あとこういった街並みtってやっぱり島特有なんですかね?前の沖縄旅行の写真にも通じるものがありましたし。
Commented by maitighar at 2012-11-11 23:55
>ポンちゃん
 犬島は10年しか操業していなかったのにあの廃墟っぷりはよかったですね。
 軍艦島はもう少し内部まで見学出来たら一番いいんですけど。

 街並みは島特有だと思うよー。
 沖縄も離島に行けば雰囲気違うだろうし、家の周りの塀などは
 防風林の役割も果たしていただろうしね。
 
 日本各地の街並みを追い求めるのも楽しそうだなー。
Commented by ゆうみ at 2013-05-01 22:57 x
はじめまして!実は私もこの3月に犬島に行ってきました。
精錬所の作品の作者の柳さんが、三島由紀夫からインスピレーションを受けたという事を知ってから、より作品の意味を理解したいと思うようになり、最近三島の作品を貪り読んでます。

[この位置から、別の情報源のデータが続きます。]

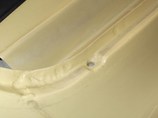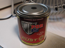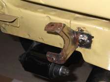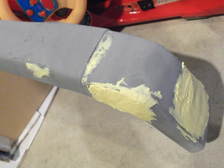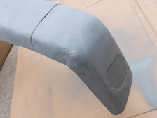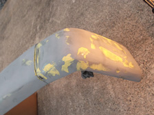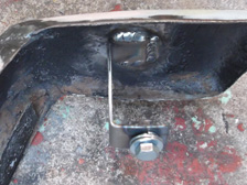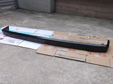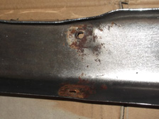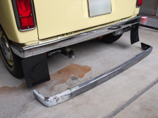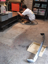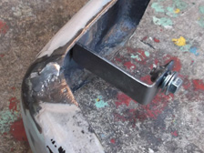 (9月11日)延ばし板バネを装着していた事によって痛んでしまったメッキリアバンパー。自業自得の10万近い痛手です・・・・。板バネ変更でこれ以上は酷く痛まないと思いますがステーの一部が固定できていない状態なので長距離イベント遠征時に脱落しないか心配です。とりあえず秘蔵のちょっと錆びた新品バンパーを再メッキするまでの間、仮のバンパーが欲しかったので入手。程度良好と思ってたんですが、塗装を剥離するとパテが出てきたりステーが1個無かったり、千切れてる部分が有ったり(T_T)。旧車仲間のところへ行ってステーを作成し溶接してもらって、千切れてた部分も溶接で繋いでもらいました。全体的に研磨して防錆剤を塗装。あとはパテを入れて形状をととのえなくっちゃ。

実はどうしても知りたい事があるのですが、精錬所の最後の部屋に言葉がぶら下がっている和室(?)のような作品があったと思うのですが、その文章がどの三島作品の一説なのか知りたいんです!調べてみても該当する答えが無く困っているんです‥‥。その和室のあった部屋の隅っこにその作品名が書いてあったと思ったのですが、メモを取っていなく全くわからない状態です。もしご存知でしたら教えて頂けないでしょうか?
Commented by maitighar at 2013-05-02 00:14
>ゆうみさん
 はじめまして。犬島に行かれたんですね。
 犬島精錬所は島全体をアートとする発想とそのスケール感が強く印象に残っています。
 単に精錬所の跡地を見せるのではなく、三島由紀夫の文学作品だったり彼の思想をも表現するという部分がすごいですよね。

 ご質問頂いた精錬所の最後の部屋のモチーフとなった作品は自分も記憶に無いのです。
 その前のミラー・ノートの部屋の印象が強すぎたことは覚えているのですが^^;
 お役に立てずスミマセン><。